The documentary tackles several complicated topics head-on, and this complexity is reflected in the cinematography and structure. Visually, it incorporates shaky phone footage, photography, art and home videos, along with more conventional shots, to reflect the multi-faceted and often chaotic trajectory of Selby’s life in an engaging way. Structurally, the piece is decidedly non-linear, moving backwards and forwards across time in a way that manages to effectively represent the ways that trauma can dislodge people from reality, while still telling a coherent and compelling story.

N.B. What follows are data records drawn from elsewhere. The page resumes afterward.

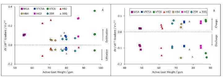 在初始電阻增加后,電極開(kāi)始受擴(kuò)散限制;對(duì)于擴(kuò)散受限過(guò)程,電極電壓與t0.5成正比,進(jìn)而可計(jì)算有效擴(kuò)散系數(shù)(梯度)。如果是在固定的充電狀態(tài)下進(jìn)行,那么梯度(dE/dt0.5)應(yīng)該與電流成比例。電壓與t0.5的線性圖顯示了在±20 脈沖瞬態(tài)線性區(qū)域內(nèi)電壓相對(duì)于t0.5的梯度 (不包括48G電池的結(jié)果,其梯度遠(yuǎn)高于其他電池)。電壓與t0.5的梯度是從瞬態(tài)的初始線性段計(jì)算出來(lái)的。與ASI值不同的是,電壓與t0.5的梯度值在脈沖充放電時(shí)是不對(duì)稱的,對(duì)負(fù)極來(lái)講,鋰化時(shí)的梯度值比脫鋰時(shí)??;對(duì)于正極,充電時(shí)的梯度值小于放電時(shí)的值。
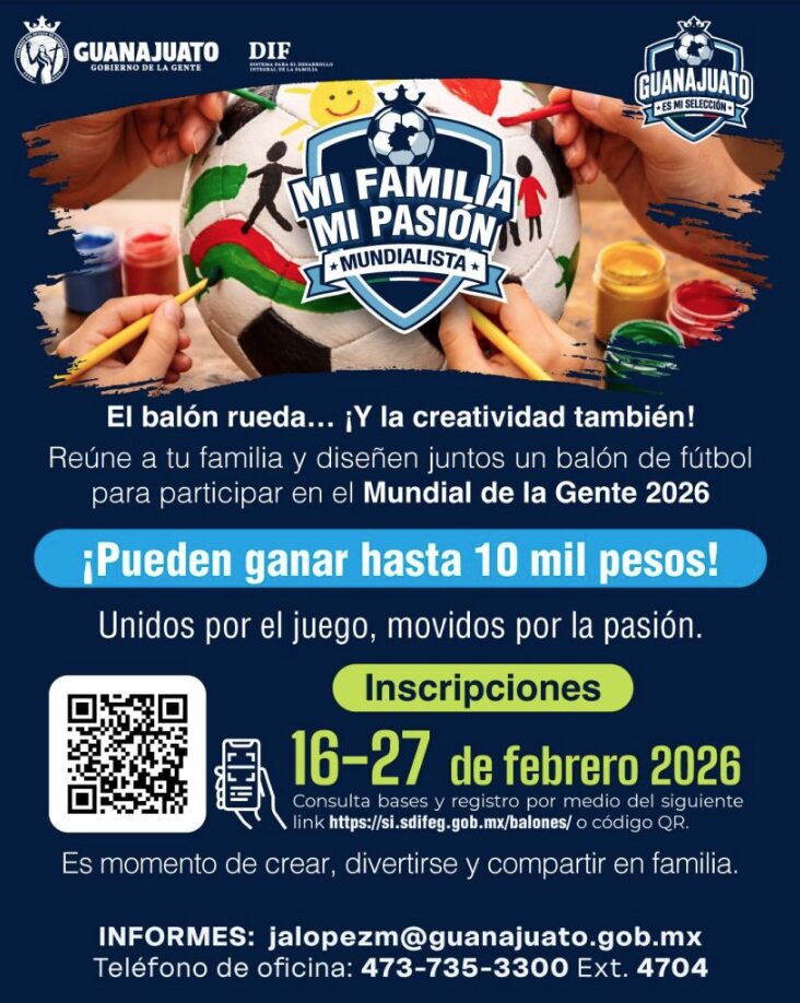 Guanajuato, Gto., 24 Febrero 2026.- La cuenta regresiva comenzó. Faltan pocos días para que cierre la convocatoria del concurso familiar de decoración de balones de fútbol Mi familia, mi pasión mundialista, y las familias de Guanajuato aún están a tiempo de sumarse a esta iniciativa que celebra el talento, la convivencia y los valores que se construyen en casa.
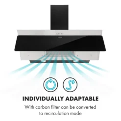 Klarstein Alessia Dunstabzugshaube , 90 Cm , EEK B , 350 M³/h , Push Control , LED-Beleuchtung , Abluft Oder Umluft , Kopffreihaube , Wandhaube , Edelstahl-Glas-Mix , Schwarz
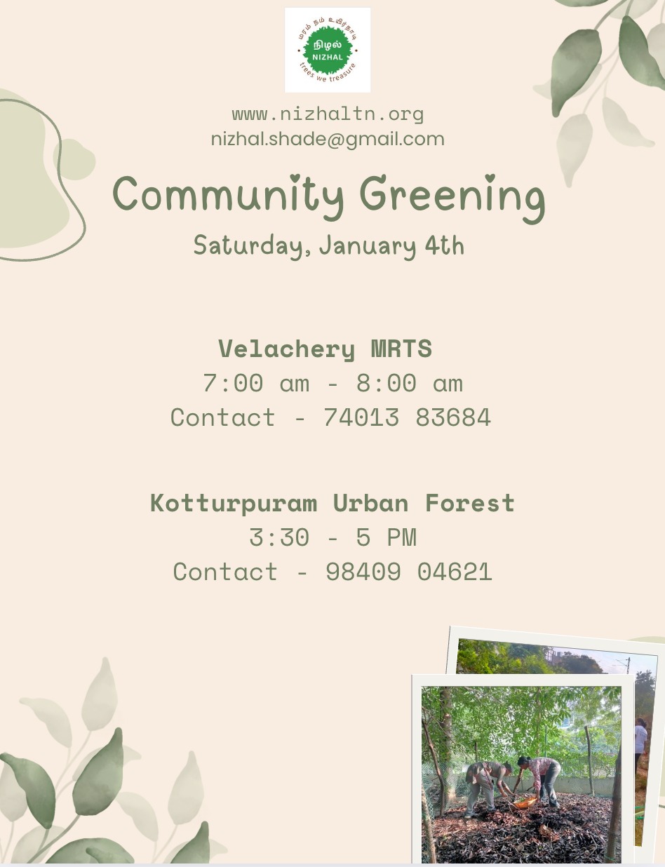 • Community greening at Velachery MRTS and Kotturpuram Urban Forest on Saturday 04 January 2025
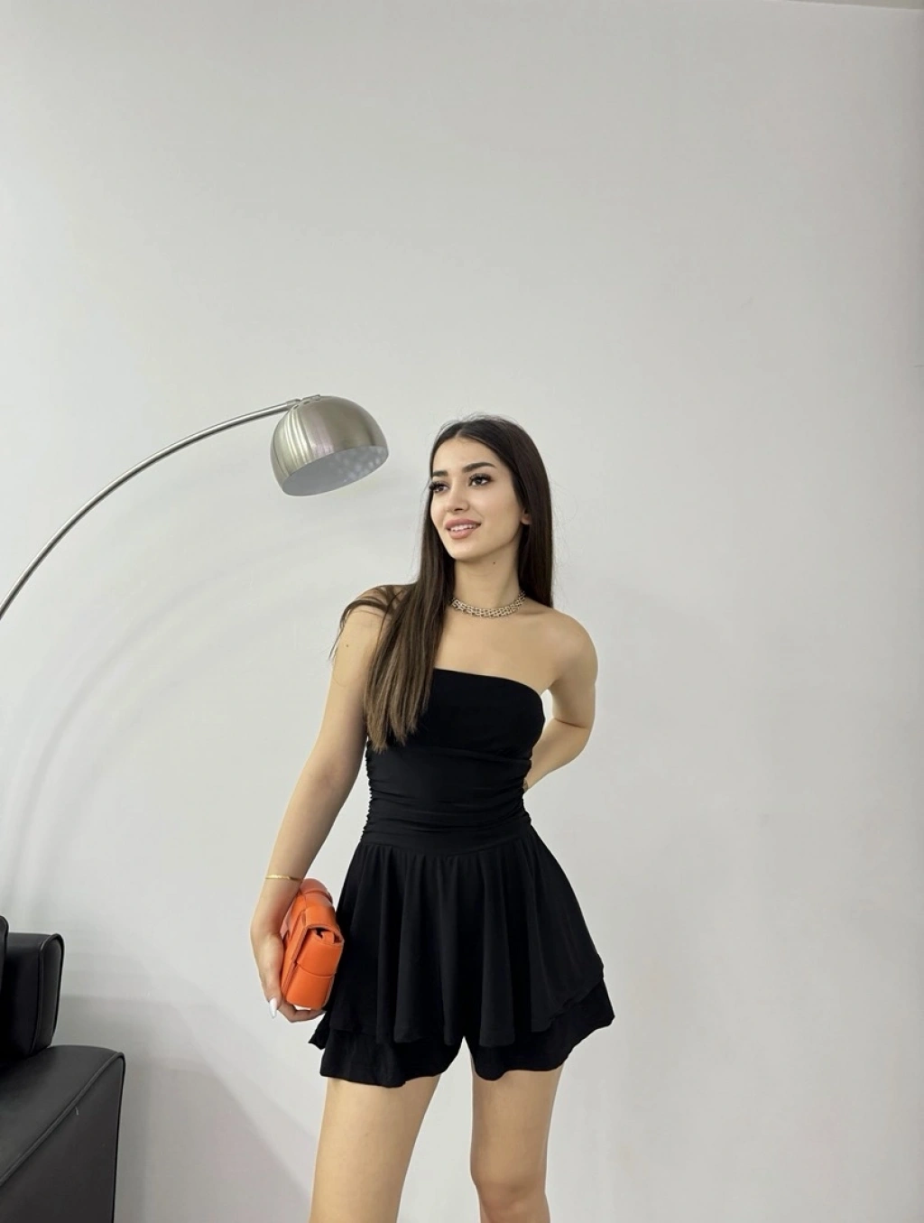 Sırt dekolteli aksesuar detay mini elbise
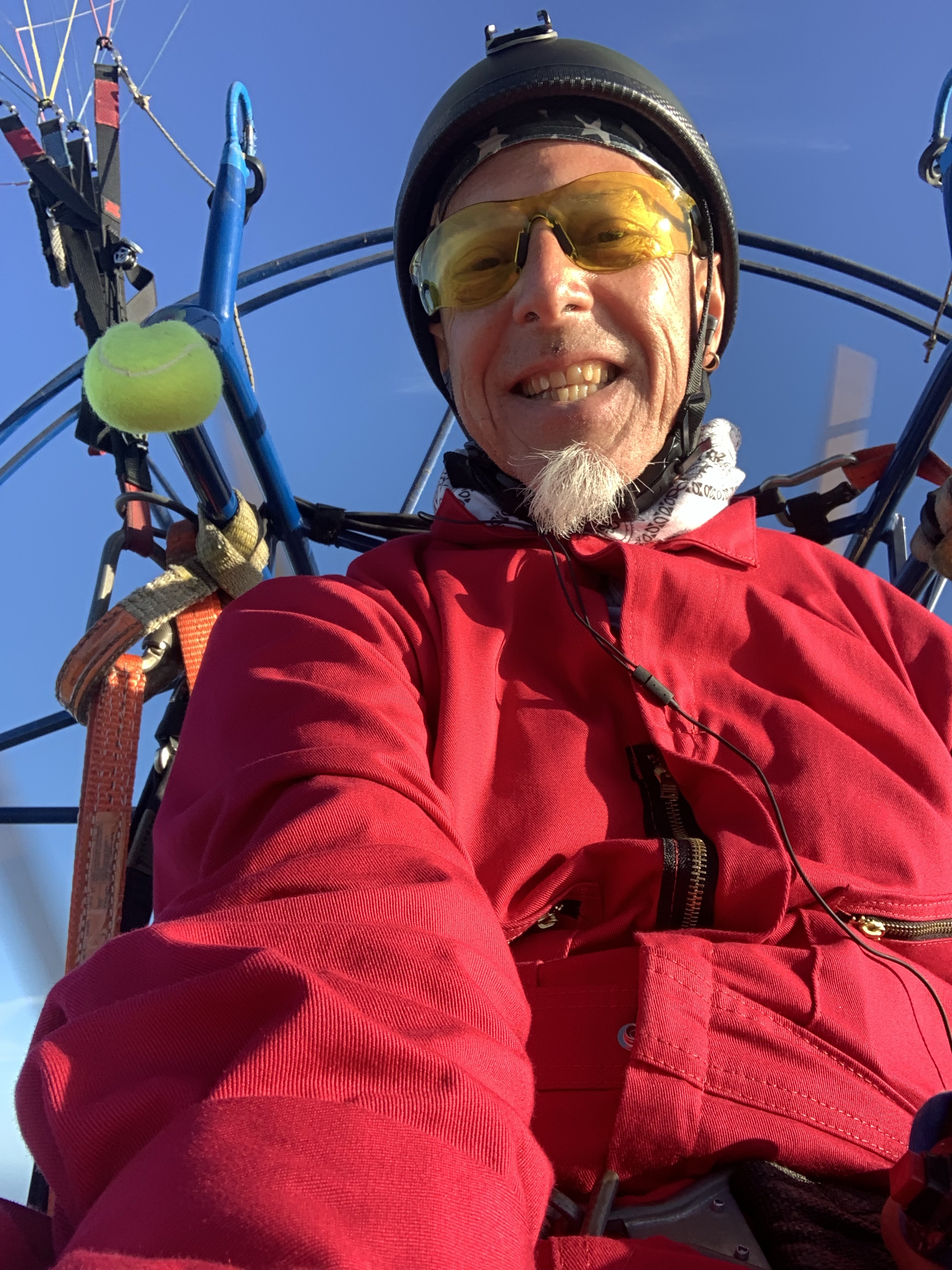 Using both WTS and brakes, I made one pass by the truck to confirm wind direction, then powered through a 360 turn and used the energy from the turn to swoop the landing. I popped up , lined up and greased the best landing this machine has had. It took conscious effort to get the last couple of inches of brake and I had to work the shoulders and position my arms for maximum effort but it paid off with the rig bleeding off speed nicely. Despite the rough surface I barely felt the rear wheels touch and the front came down very gently.
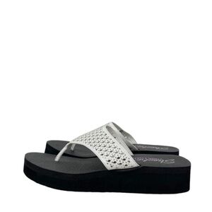 Skechers Yoga Foam White Rhinestone Wedge Platform Flip Flop Sandals Sz 9
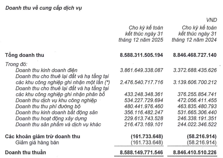 Cơ cấu doanh thu 2025 của IDC cho thấy mảng kinh doanh điện đóng góp nhiều nhất với gần 3,862 tỷ đồng, tăng 15%; trong khi doanh thu cho thuê lại đất và hạ tầng KCN gần 2,477 tỷ đồng, giảm 21%.
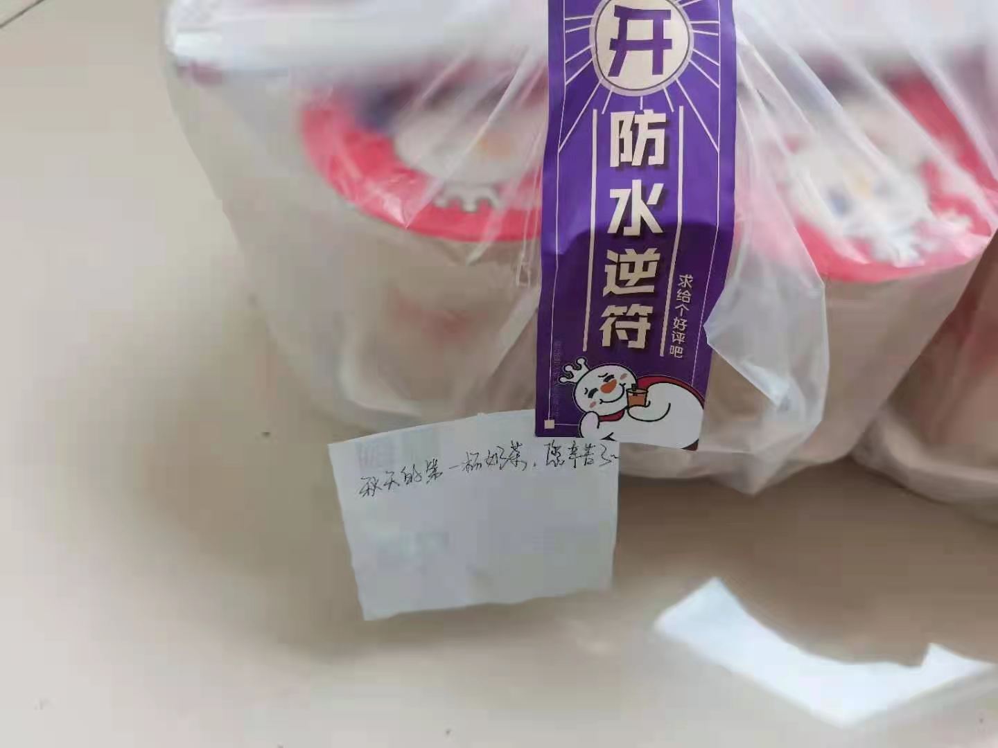 外賣奶茶一共15杯,包裝袋上附著一張紙條:“秋天的第一杯奶茶,您辛苦了!”

Selby’s narration over the film is the one constant in its storytelling, maintaining a sense of order amidst the visual chaos with her frank and often poetic commentary. Her tale, and those of her mother and partner, are marked with tragedy, neglect and grief, but Blue Bag Life refuses to give in to its own troubled narrative. Throughout the feature, the filmmaker untangles the messy parts of her life and fights her way towards a hopeful ending – if not a happy one – working to understand the cycles of trauma in her family history to end them once and for all.
Overall, Blue Bag Life is an uncompromisingly honest look at the darker parts of human life, of death and abuse and addiction, but it’s also a story of love, hope and recovery. It’s often a harrowing watch, but it never sinks completely into melancholy, representing oft-ignored social issues openly and frankly, always with the promise of healing and new life from the ashes of the old.
Umar Ali
Blue Bag Life is released in select cinemas on 7th April 2023.